⁵ More specifically, the first estimation period of the models is $\hat{T}$ = 37 months, that is, from January 2003 until January 2006. The remaining $h$ = 89 months of our sample size are used for the evaluation period of the out-of-sample forecasts. In order to proceed to the first out-of-sample forecast (i.e. $t+1$ forecast or month 38), we estimate the models using the initial 37 months. For each subsequent out-of-sample forecast, we add to the estimation period an additional month. For example, for the $t+2$ forecast, we use $\hat{T}+1$ monthly observations. The total number of observations is $T=\hat{T}+h$. The out-of-sample phase has been selected in order to capture the period before, during and after the global financial crisis (as well as the Greek debt crisis).

⁶ We have also used the Hylleberg–Engle–Granger–Yoo (HEGY) unit root test (Hylleberg et al. 1990), and we find that the seasonal component of our series is stationary. Furthermore, we extract the seasonal component from our series using the TRAMO/SEATS procedure and we run unit root tests on the de-seasonalized series and the seasonal factor. The tests confirm that the series is nonstationary with a stationary seasonal component. Results are available upon request.

⁷ The results are available upon request.

⁸ The k and l denote the number of lags for the autoregressive and the moving average polynomials, respectively. The k* and l* denote the number of lags for the seasonal autoregressive and the seasonal moving average polynomials, respectively.

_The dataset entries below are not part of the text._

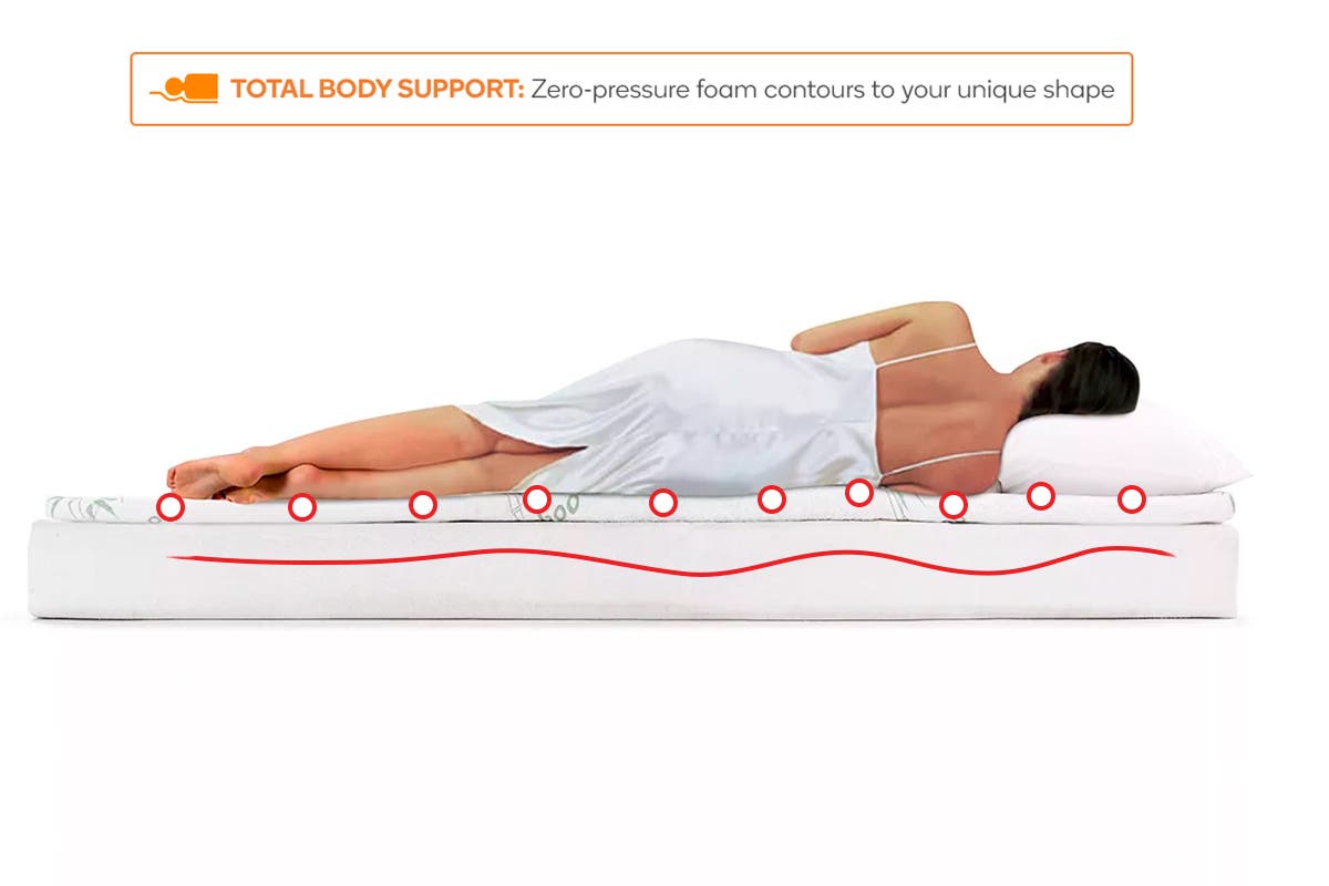 It gently cradles your body, taking pressure off your shoulders and hips to give your spine the best chance to align correctly while you sleep.
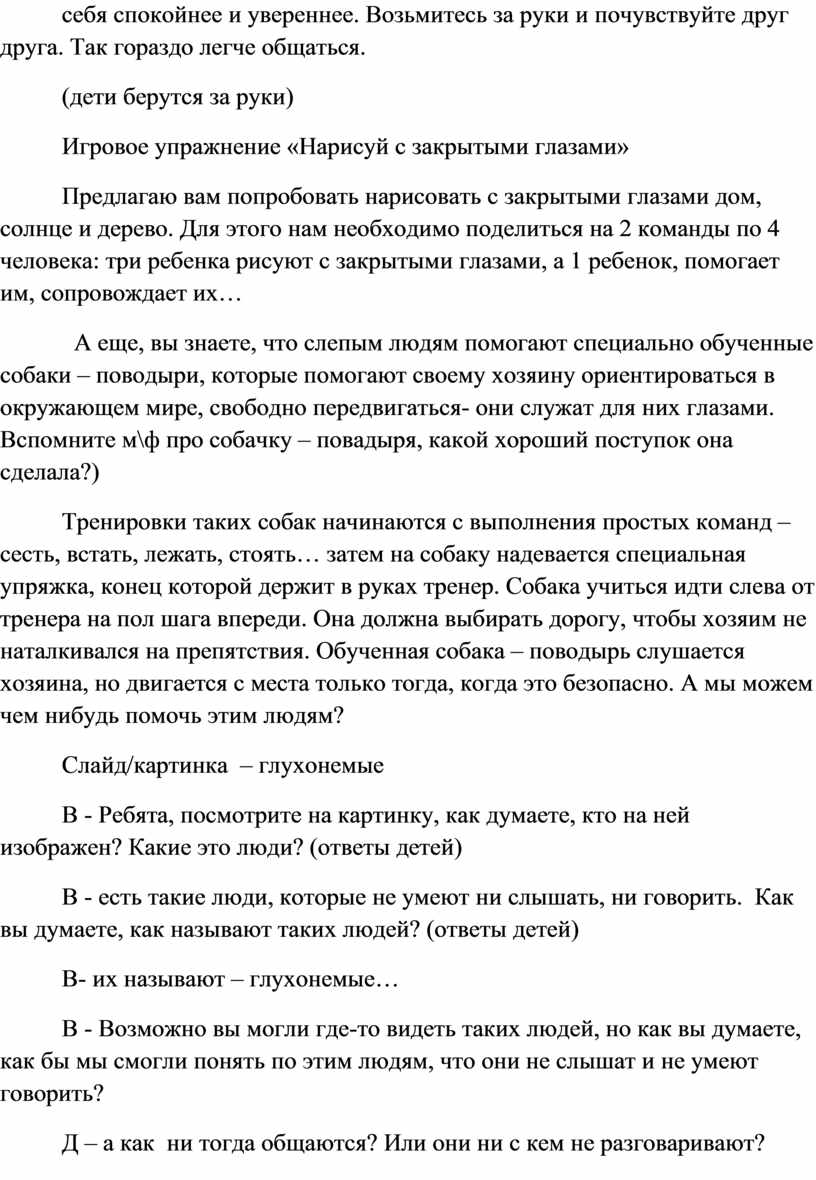 А еще, вы знаете, что слепым людям помогают специально обученные собаки – поводыри, которые помогают своему хозяину ориентироваться в окружающем мире, свободно передвигаться- они служат для них глазами. Вспомните м\ф про собачку – повадыря, какой хороший поступок она сделала?)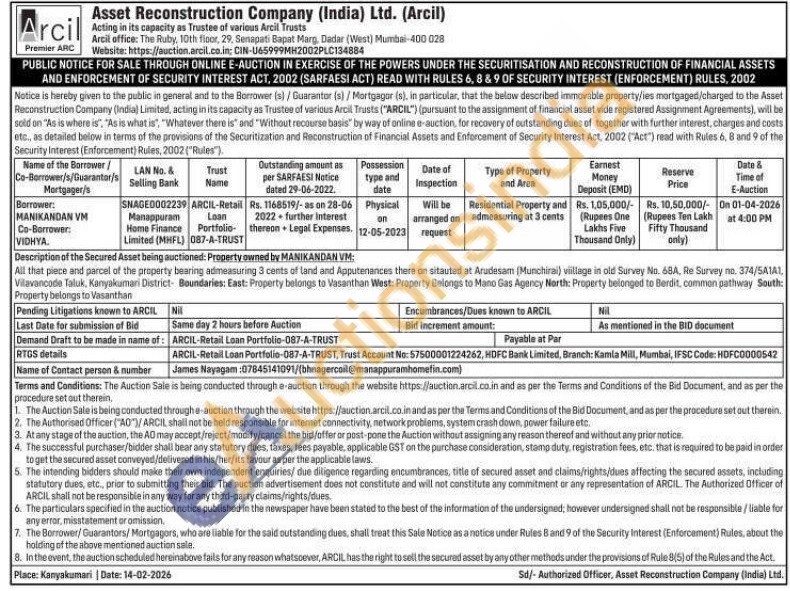 All that piece and parcel of the property bearing admeasuring 3 cents of land and Apputenances there on sitauted at Arudesam (Munchirai) viillage in old Survey No. 68A, Re Survey no. 374/5A1A1, Vilavancode Taluk, Kanyakumari District Boundaries: East: Property belongs to Vasanthan West: Property Belongs to Mano Gas Agency North: Property belonged to Berdit, common pathway South: Property belongs to Vasanthan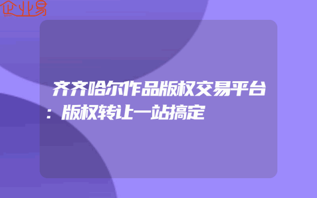 - 齐齐哈尔作品版权交易平台:版权转让一站搞定
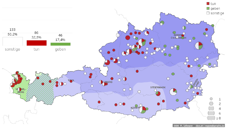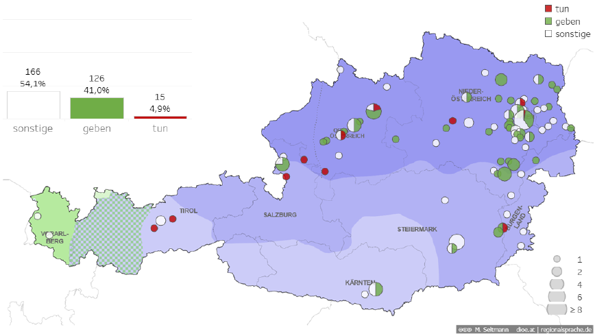 Vertikal-sozial ist geben vor allem im oberen Bereich des vertikalen Spektrums der DialektStandard-Achse vorzufinden, während tun eindeutig den Nonstandard und hier die dialektal(er)en Register markiert. In areal-horizontaler Hinsicht ist tun mit PUT-Semantik dialektal in Gesamtösterreich, seltener aber im Osten Österreichs verbreitet, während geben in dialektalen wie „mittleren“ Registern vor allem im Ostmittelbairischen sowie im Osten des Südmittelbairischen und Südbairischen mit tun konkurriert. In standardsprachliche(er)en Spektrenausschnitten ist geben hingegen regionenübergreifend eindeutig das frequentiell im Sprachgebrauch dominierende und in der Spracheinstellung präferierte Basisverb der zielorientierten Objektsbewegung.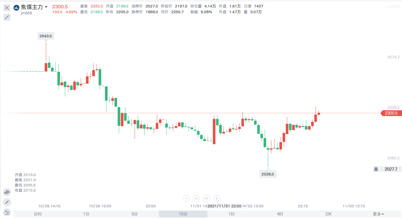 北京时间周三上午,动力煤主力合约一度涨超4%,结束连续11个交易日下跌。焦煤主力合约涨约5%,焦炭主力合约涨约3%。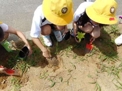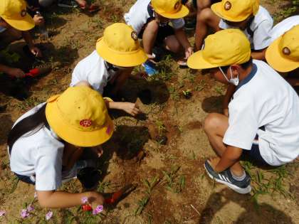 理科で育てている植物を植え替えました。土の中で成長していた根を見て、「ひげみたい」とつぶやいていました。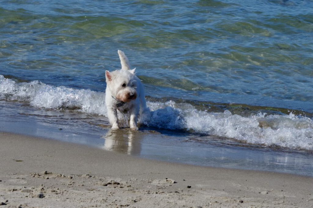 Mit einem glücklichen Hund, am Strand von Warnemünde, beende ich diesen kleinen Bericht.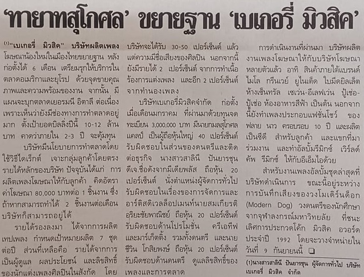 เผยจุดเริ่มต้นอดีตค่ายเพลงดัง "เบเกอรี่มิวสิก" จากหน้าหนังสือพิมพ์
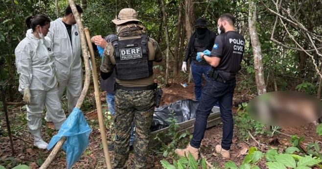 No local indicado, os agentes encontraram sinais claros de enterramentos clandestinos, onde foram localizados os dois corpos encaminhados à Politec. Os exames periciais seguirão para tentar identificar as vítimas, o que dependerá de análises técnicas, exames laboratoriais e confronto genético.

⁹ The certain parameter ranges of autoregressive (AR) and moving average (MA) orders for both seasonal and nonseasonal components rely on methods of orders’ selection (Schwarz’s, 1978; Akaike’s, 1974; information criteria) and correlogram diagnostics. We use the information criteria in order to set the upper bounds for the ranges of the dynamics included in the models.

¹⁰ Originally the model is denoted as SARIMA $\left(k,1,l\right)$$\left(k^{•},0,l^{•}\right)$, but for simplicity, we have removed the zero term. The proposed framework can be defined either as a SARMA specification for the dependent variable $\left(1-L\right)\left(log{y}_t\right)$ or as a SARIMA specification for the dependent variable $log{y}_t$. In the latter case, the models can be stated as SARIMA with integrated order I(1), or SARIMAX $\left(k,1,l\right)$$\left(k^{•},l^{•}\right)$.The log transformation stabilizes the variance of $y_t$, thus, it is preferred (see Lütkepohl and Xu 2012). The models’ integration order is set to 1. For higher order of integration, the forecasting accuracy deteriorates significantly.

¹¹ For the case the evaluation criterion $\mathrm{\Psi }$ is the RMSE, then ${\mathrm{\Psi }}_t^{\hspace{0.17em}}={\left(y_{t+1}-y_{t+1|t}\right)}^2$.

¹² Typical in forecasting studies is the comparison of candidate models with simple benchmark models, that is, with/without drift random walk model, first-order autoregressive model, etc. In our study, the forecasting ability of the naive benchmark models is statistically inferior. The results are available upon request.